──────── Input ────────

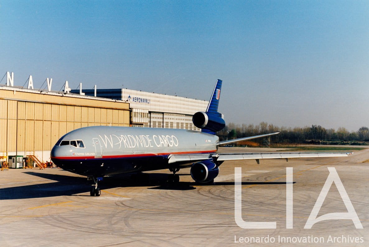 Conversione cargo di due Douglas DC-10 con livrea United Airlines all'interno dell'Hangar C di Venezia Tessera
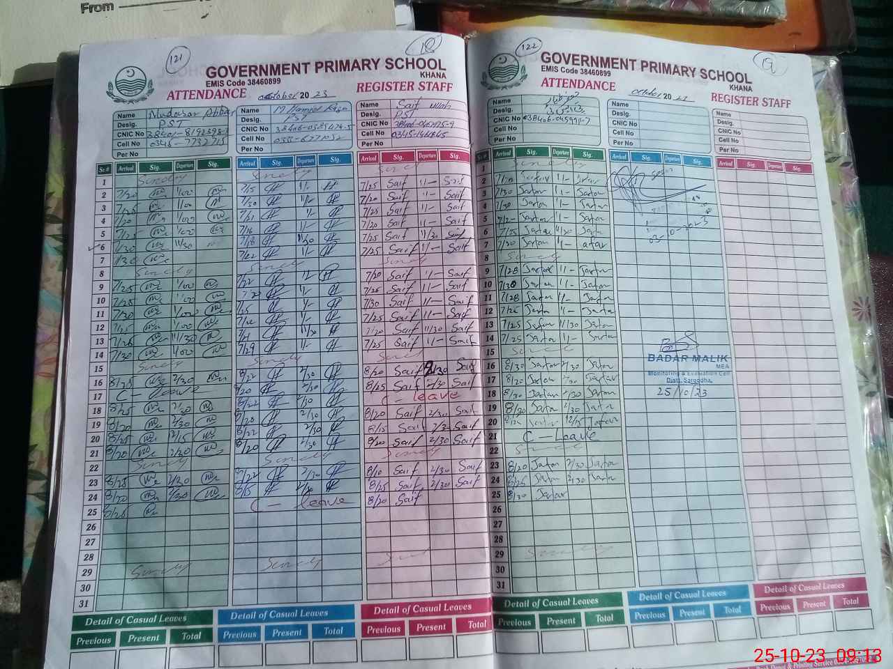 | CNIC | Full Name | Designation | R/C | Absence during last cal. month |
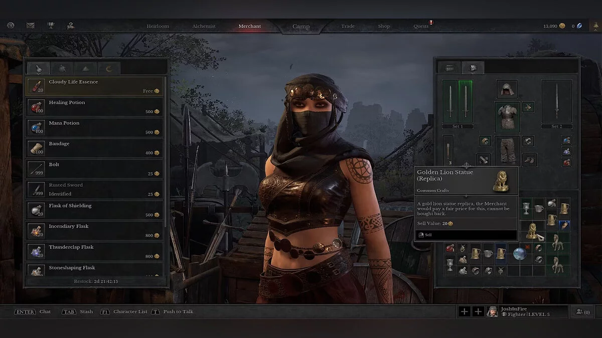 Продать любую вещь в Dungeonborne довольно просто: после возвращения в свой лагерь вам нужно посетить торговца (кнопка находится в левом верхнем углу экрана). Вы окажетесь в меню магазина, где сможете избавиться от хлама или продать ценности — достаточно кликнуть ПКМ по вещи, чтобы сделать это.
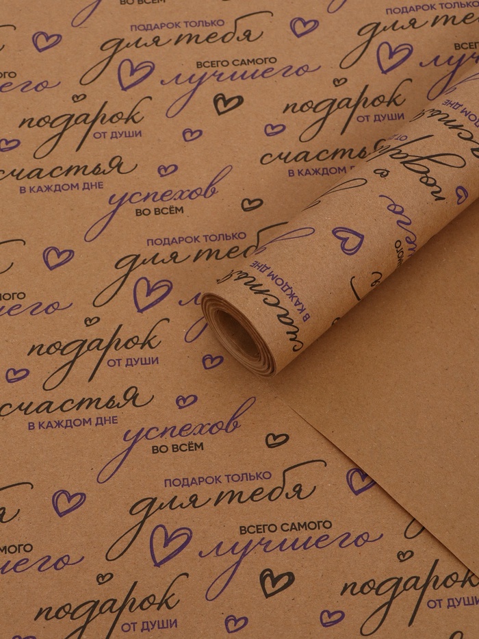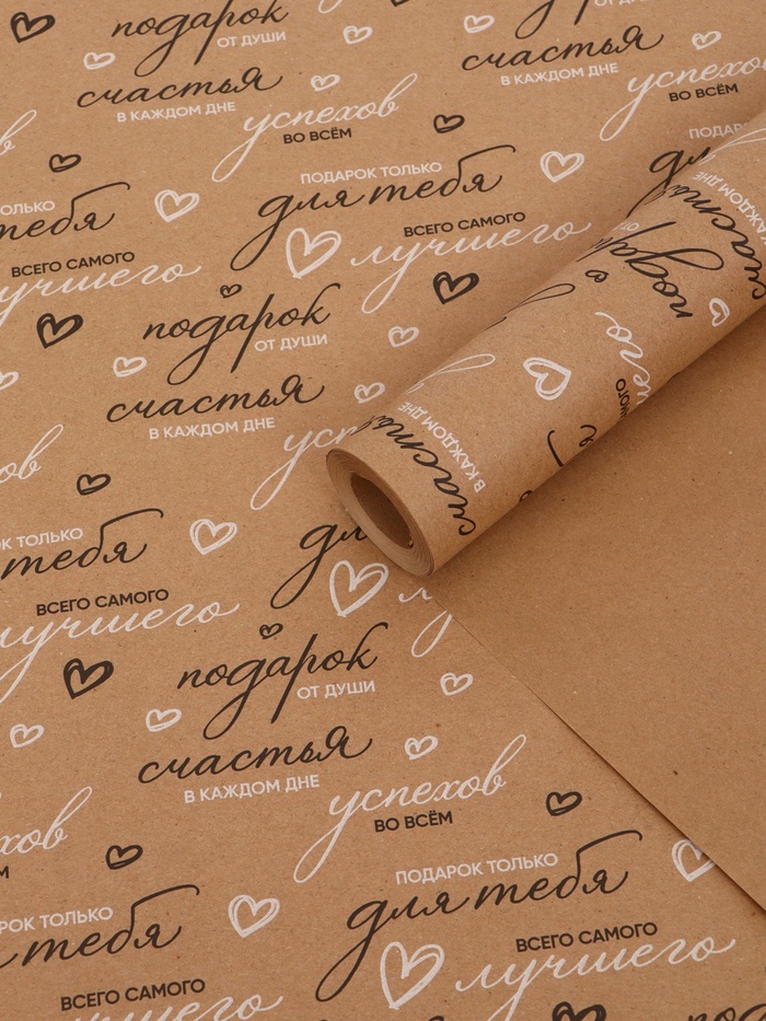 Бумага упаковочная крафт белый "Пожелания", черный/розовый, 0,7 х 10± 5% м, 60 гр
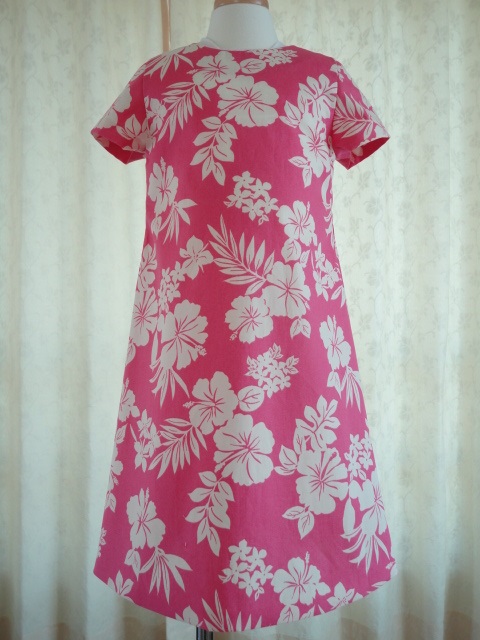 以前タオルで作ったAラインの半袖ワンピースを、木綿の花柄で作ってみました。無地の白抜きで葉っぱのみの柄の生地があればいいんですけどねぇ。この生地は色違いで赤地に白抜きもあります。柄はお花がメインなので似てないですが。サイズは80cmです。小さい子はピンクのほうが可愛いかなと思ってピンクを選択。この生地はオカダヤさんで購入したのですが、ピンクで染めれば白の柄が薄いピンクになり、地のピンクの色が少し濃くなって、ルアウのミニーのワンピの生地に少し似るかもしれないですね。(←確証はないです。) いや、いっそ赤を染めたほうが似るかな?あの生地ももう手に入らないから・・。前回のタオルで作ったワンピの写真図解は、タオルゆえにミシンの縫い目が埋没して見えにくかったし、前回よりももっと詳しくmixiで写真図解をしたかったので、このワンピも撮影しながら作りました。ランドやシーに行く時に、初めてお子さんに服を作ってあげて行きたいという方はまず赤白水玉のスカートがいいですよね。(あ、女の子のお子さんの場合ね。)次はミニーワンピよりもリロのほうがお薦めです。まぁキャラクターの好みがあるとは思いますが、難易度的には初めて作るワンピはリロのほうが簡単です。ミニーワンピはウエストで身頃とスカートをはぎ合わせなくてはならないし、袖もギャザーを寄せる必要があります。袖口や衿ぐりをバイアステープでくるむのも初めてだと難易度高めです。その点リロなら、ウエストはぎは無し、袖もギャザー無しで付けられる。袖口も衿ぐりも装飾なし。問題はあの葉っぱ柄だけなんですよね・・。一応、葉っぱ柄の作り方はこの↓ページに書いてあります。http://www1.ttcn.ne.jp/~kaori/one%20piece.html上の写真のピンクのワンピの色違いで、赤地に白抜きの花柄なら雰囲気はリロっぽくなると思うんだけど、どうかしら。30周年のパレードにリロもスティッチもいるから、この生地の服に、もしかして何かしらリアクションしてくれたらいいんだけどな♪それにしても。あのヒラキさんのタオル、あの色&柄で、木綿生地を発売してくれないものだろうか。出来ればホヌちゃん抜きで。・・だったら葉っぱももうちょっと似せて(^^)。あ、分かります? 例の「織りの傷」。前スカートの向かってやや左下。こんな目立つところにキズです。ああ。ココロにもキズがっ!
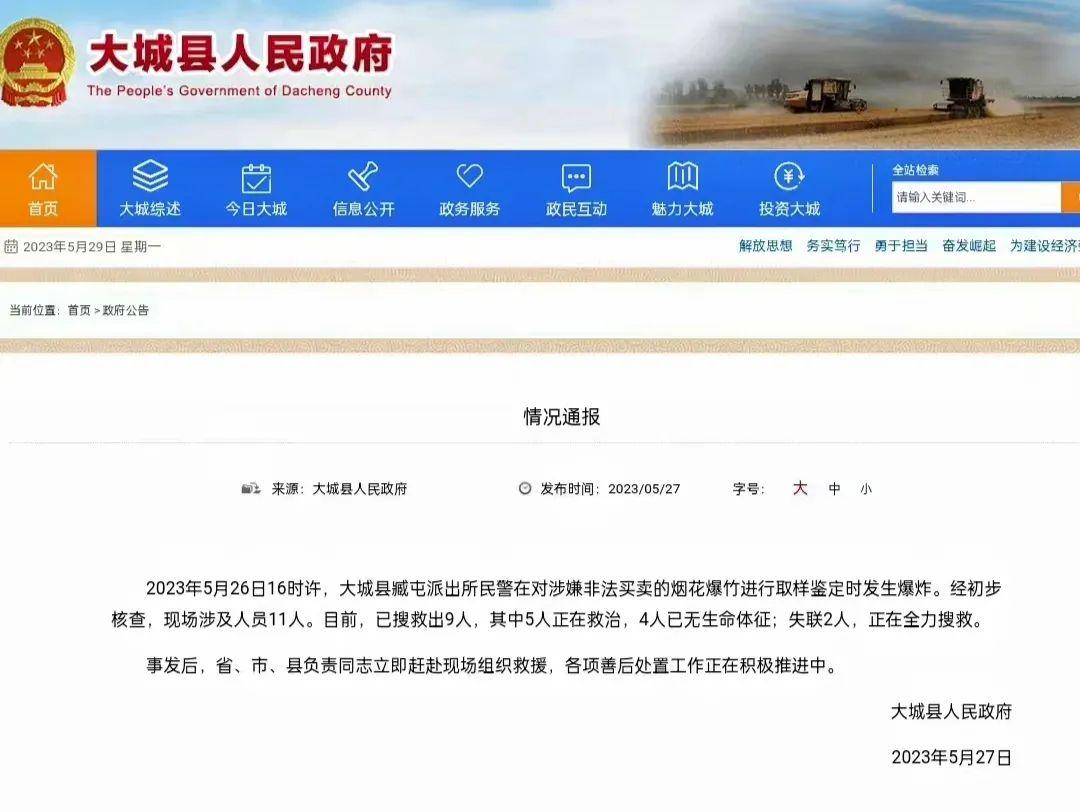 5月26日下午,網(wǎng)傳河北大城縣一派出所院內(nèi)發(fā)生爆炸,事故原因引發(fā)網(wǎng)民追問。5月27日8時(shí)許,大城縣人民政府網(wǎng)站通報(bào)稱:“5月26日16時(shí)許,大城縣臧屯派出所民警在對(duì)涉嫌非法買賣的煙花爆竹進(jìn)行取樣鑒定時(shí)發(fā)生爆炸。經(jīng)初步核查,現(xiàn)場涉及人員11人。其中,4人已無生命體征,失聯(lián)2人。”然而,通報(bào)中提及的爆炸原因卻成為后續(xù)輿情發(fā)酵點(diǎn),網(wǎng)民不解派出所民警為何要去鑒定煙花爆竹,部分網(wǎng)民借機(jī)對(duì)死去民警進(jìn)行冷嘲熱諷,發(fā)布揣測(cè)性信息,并獲得其他網(wǎng)民點(diǎn)贊。面對(duì)這種局面,當(dāng)?shù)卣⑽催M(jìn)行回應(yīng)和解釋,認(rèn)證為“河北省公安廳政治部副主任”的賬號(hào)“@永華的小菜園”批評(píng)當(dāng)?shù)氐男畔l(fā)布“語焉不詳導(dǎo)致誤讀”。

────────

__What is needed__. Return exactly the lines of the data, beginning with the first and ending with the line containing "Бумага упаковочная крафт". Skip the pictures.

__Output below__.
 Conversione cargo di due Douglas DC-10 con livrea United Airlines all'interno dell'Hangar C di Venezia Tessera
 | CNIC | Full Name | Designation | R/C | Absence during last cal. month |
 Продать любую вещь в Dungeonborne довольно просто: после возвращения в свой лагерь вам нужно посетить торговца (кнопка находится в левом верхнем углу экрана). Вы окажетесь в меню магазина, где сможете избавиться от хлама или продать ценности — достаточно кликнуть ПКМ по вещи, чтобы сделать это.
 Бумага упаковочная крафт белый "Пожелания", черный/розовый, 0,7 х 10± 5% м, 60 гр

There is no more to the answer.